That's how Boost managed it. Here's their implementation of _is_signed_ if
you're curious [0].

I believe _some_ standard-library type-traits cannot be implemented without
specific compiler support.

[0]
[https://github.com/boostorg/type_traits/blob/059ed883/includ...](https://github.com/boostorg/type_traits/blob/059ed883/include/boost/type_traits/is_signed.hpp)

------
virtualritz
I recently picked up a C++ codebase I wrote maybe 30% myself and which was
last touched in 2013. It's a plug-in for a DCC app. The 3rd party API it
communicates with was changed so refactoring was inevitable.

Before I started refactoring I decided to make everything 'less ugly' by
moving it to C++17. Which would also help me get back into the code, after
eight years.

I spent two days on this. Then I decided: fuck it. I will RIIR™.[1]

It will mean that it will take me at least two months to get a beta of the
product with feature parity vs. maybe a week to port the old codebase to the
new API.

But on the other hand the C++ code is littered with stuff that 'just works'
but can explode in your face and which eventually needs some safety net
written around it. Which will likely take at least two months to do properly.

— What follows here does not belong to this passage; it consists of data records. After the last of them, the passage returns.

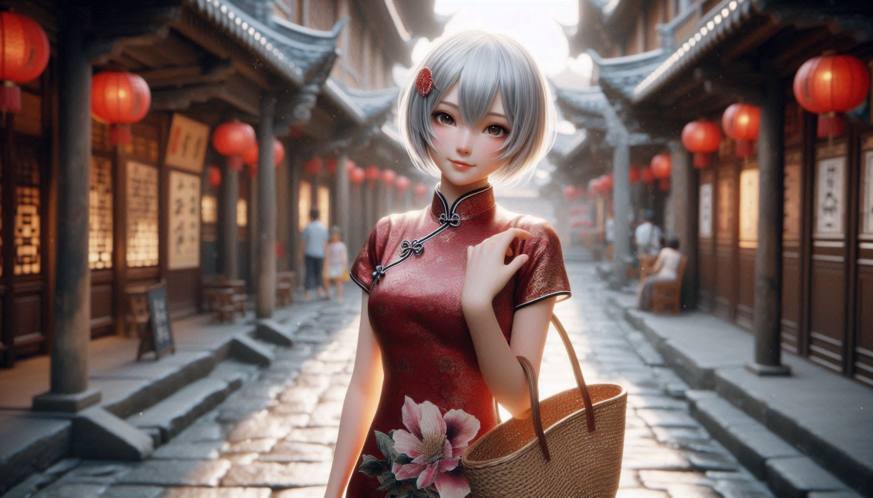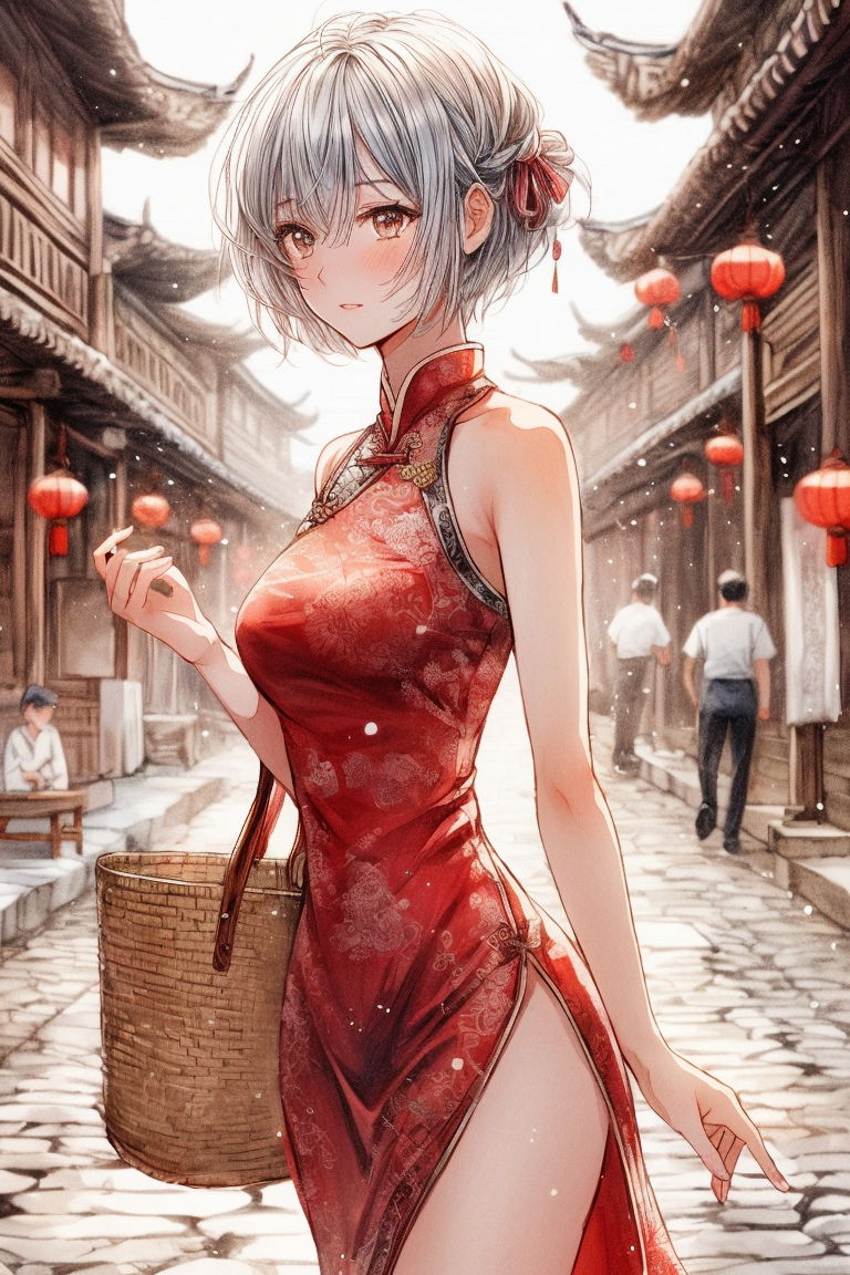 街の人がチャイナドレスを着て買い物するとは思えないw
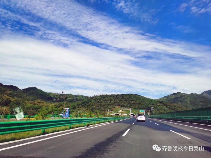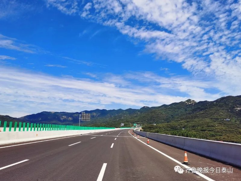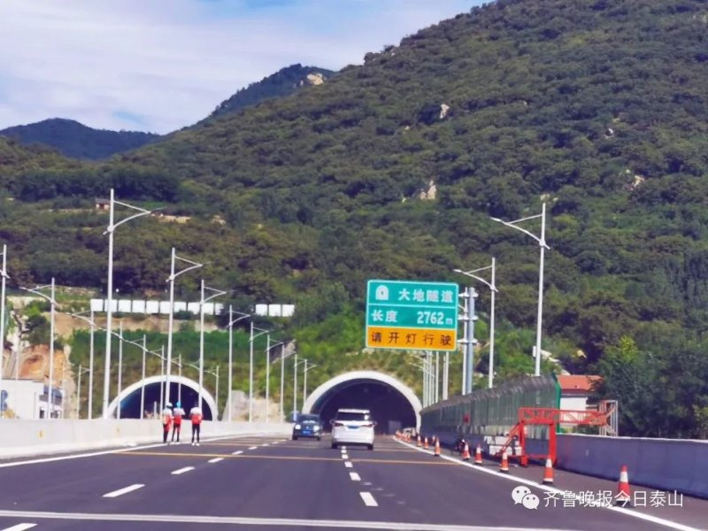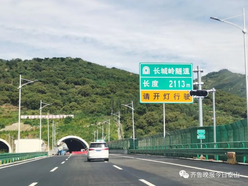 从济泰高速公路的泰山东收费站出发,一路经过麻塔河特大桥、大地隧道、长城岭隧道和柳埠互通等路段,青山绿树与蓝天白云相接,为旅途带来别样的色彩。由于还有机电施工、绿化等未施工完毕,在隧道和高速公路两侧还有一些施工人员在赶工。
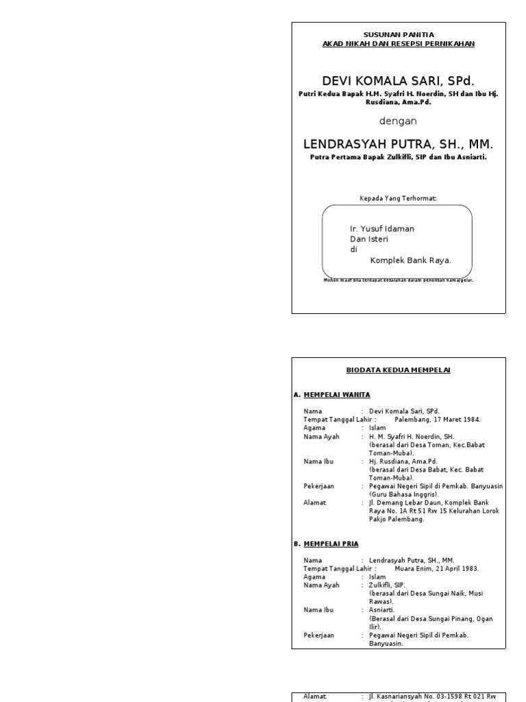Susunan Panitia Akad Nikah Devi Komala Sari Versi 2003

The truth is: after one and a half years of Rust C++ feels painfully ugly.

For context: I started with C++ with Borland's TurboC++ (moving from C) when I
was 15. I used C++ for almost 30 years by now. It's about time.

[1] Yes, I did read [http://adventures.michaelfbryan.com/posts/how-not-to-
riir/](http://adventures.michaelfbryan.com/posts/how-not-to-riir/)

------
unlinked_dll
Most of what the author complains about w.r.t callbacks is fixed with
std::function and lambdas (member function pointer syntax is necessarily
weird, because methods aren't just normal functions). I definitely don't miss
the days of std::bind. Nowadays you just do something like

    
    
        using Callback = std::function<int(int)>; // or whatever
        Callback cbk = [&](int i) { return instance.method(i); };
    

I've also seen some real evil hacks that rely on casting 0 as a pointer to a
class and relying on the ABI's spec for vtable layout to calculate the pointer
of the function as an offset from the `this` pointer. Because that's easier to
remember than the syntax for pointer-to-member functions.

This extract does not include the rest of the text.